What kind of non-optimisation packing problem is this? You start with a big 2D shape (irregular polygon), and a set of smaller shapes. The goal is to figure out if the smaller shapes can fit within the big shape, without any overlaps. Rotations are allowed.
This seems related to packing problems, except I am not trying to optimise an arrangement by shrinking the container or adding more objects: I want to find any arrangement, given objects and a container.
I'm no mathematician, this is a problem arising from a video game I am working on. I want to produce arrangements of shapes (the smaller shapes can be squares, rectangles or circles; the larger shape however is always irregular and actually defined by pixels). My instinct was to just try random locations for each shape until one works; but then I thought: this problem isn't so bespoke, someone else must have thought of this before.
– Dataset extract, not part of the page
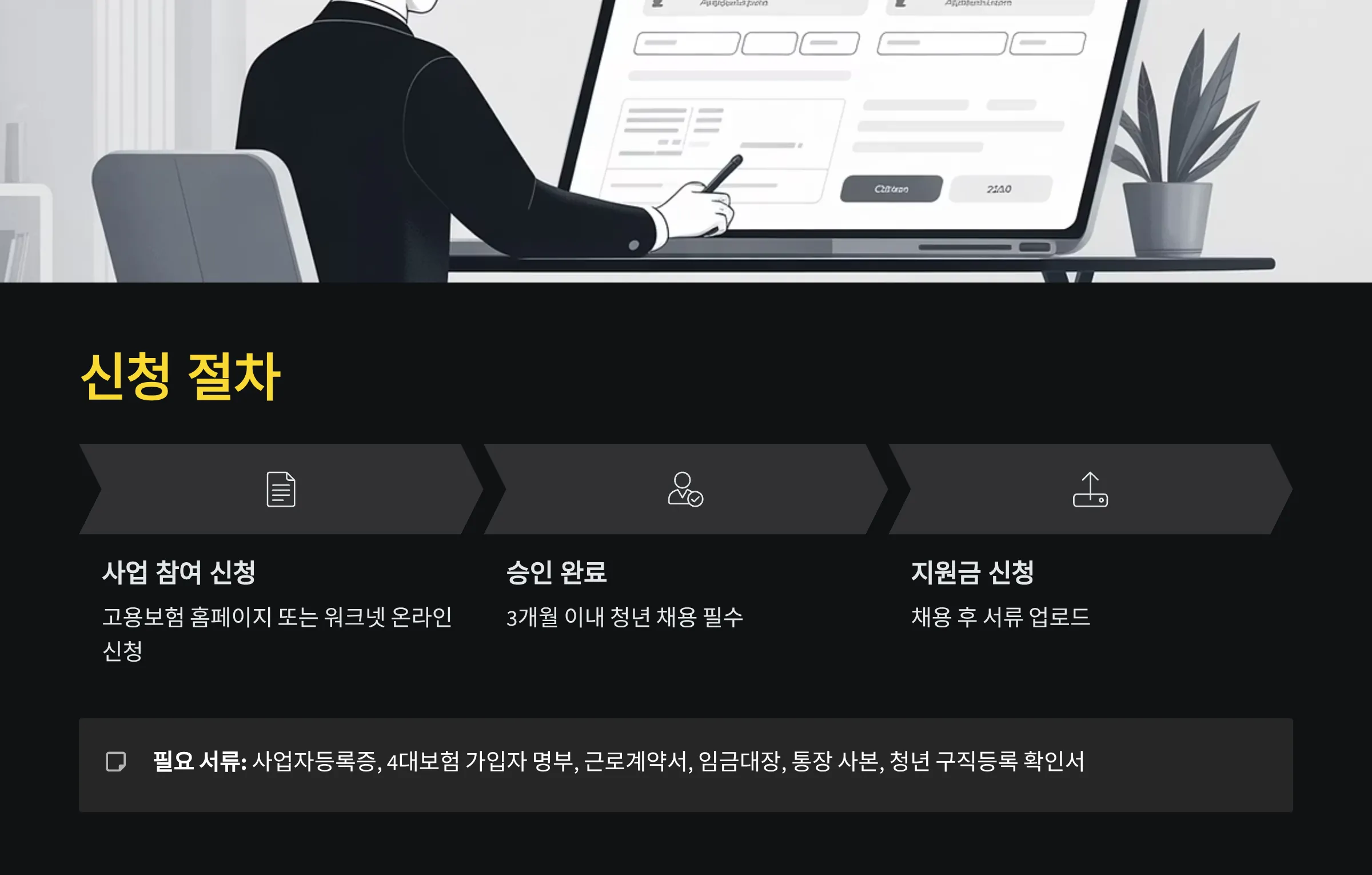신청은 고용노동부 고용보험 홈페이지 또는 워크넷을 통해 온라인으로 가능합니다. 기업이 먼저 사업 참여 신청서를 제출하고, 승인이 완료되면 청년 채용 후 지원금 신청서를 업로드하는 방식입니다.

But I cannot find the right name of this geometric problem so as to find research and/or an algorithm that I can start with. I get no farther than packing problems. So can anyone help me here? What should I google?
 A: You can compare the circumscribing diameter of the smaller shape $a$ with the inscribing diameter $b$ of the larger shape. Insertition is possible if  $a\le b$.
This is a stricter condition than needed, however generalizable to different shapes and independent of rotation. If you want to include rotation then insertition can be possible also for $a>b$ however this is a more difficult task.
You find more information here:
Circumscribed circle
Largest inscribed circle in irregular points
A: Maybe you could try polygon partition, polygon covering or something like that.
The last link says most of these problems are NP-hard though (and without circles, which I think is harder), so maybe you should try another way around. (ie. build the bigger shape starting from the smallest ones so you make sure it will always fill it).
Here's a link I think it could be useful if you want to split the bigger shapes into polygons https://www.cs.jhu.edu/~misha/Spring16/05.pdf.
Best of luck, the problem seems really interesting.